For next winter, the authority also may try a “pilot project,” possibly in the Bath area, that the governor’s office is developing. It would go out to bid for “let’s say 20 million gallons of oil for 2000 recipients,” according to Baldacci’s energy aide Beth Nagusky. Although 2000 people represent only 4 percent of the LIHEAP recipients, the Maine Oil Dealers Association president, Jamie Py, says he expects his members to “resist” this idea, too. He intimates he will accuse state government of being “anti-small business” — a potent threat in an election year.
Oil pressure
The housing authority director and not the board has the power to make decisions on discount or bidding issues, says Raymond Richard, for 40 years head of the Kennebec County Community Action Program. The authority funnels oil money to low-income people through his and 10 other community-action agencies.

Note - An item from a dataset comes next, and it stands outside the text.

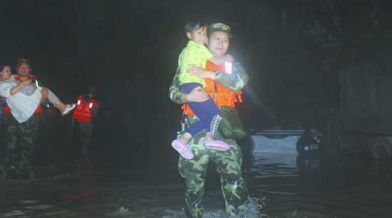 6月20日下午,武警湘西州支队紧急出动100名官兵驰援里耶,第一时间进入救灾现场参加抗洪救灾。截至当日20时,武警官兵共紧急疏散转移群众2000余人,抢救物资500余万元。图为武警官兵在连夜转移受灾群众。 王桥强 摄
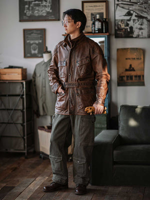 International Multi-Pocket Leather Jacket

The housing authority’s chief attorney, Linda Uhl, responds that even if the law doesn’t put the power to decide such issues in the board’s hands, “basically, it’s always been done that way.”
Over the years, Richard says, he has “raised the issue” of why the agency couldn’t get more for poor people with its oil dollars, but until McCormick took over there was “never any interest whatsoever.” The authority has never been politically pressured to bargain, he suggests.
Instead, the pressure comes from the oil dealers.
At last summer’s hearing, they complained it was unfair for the authority to force a discount on them because they had already bought their oil for the winter. But Py, the oil dealers’ representative, seems opposed to any requirement that his members give discounts or submit to a bidding system for LIHEAP recipients.
“The relationship between customer and dealer is more than price,” he says, suggesting — here, too, he seems to be making a threat — that some dealers might not serve LIHEAP customers if they had to accept discounts or that chaos would result if a winning-bid company got involved in the relationship another dealer had with a customer.
Think about “your grandmother’s relationship with a dealer,” he says. “She might get a delivery on Christmas Eve.” Or she might not.
Could the dealers’ motivation in resisting discounts also be to make more money from the state? “I don’t know anybody who liked the idea” of discounts, Py answers.
McCormick, Richard, and others interested in maximizing the benefit to poor people believe oil dealers have a point when they talk about interference in customer-dealer relationships, especially in rural areas with few dealers available as alternatives.
But the housing authority has a new computer program that former authority director Michael Finnegan believes could make it easier to create “regional aggregations” of LIHEAP recipients for a discount system. Spreading the discount oil among several companies around the state could lessen concerns about the sparsely populated places.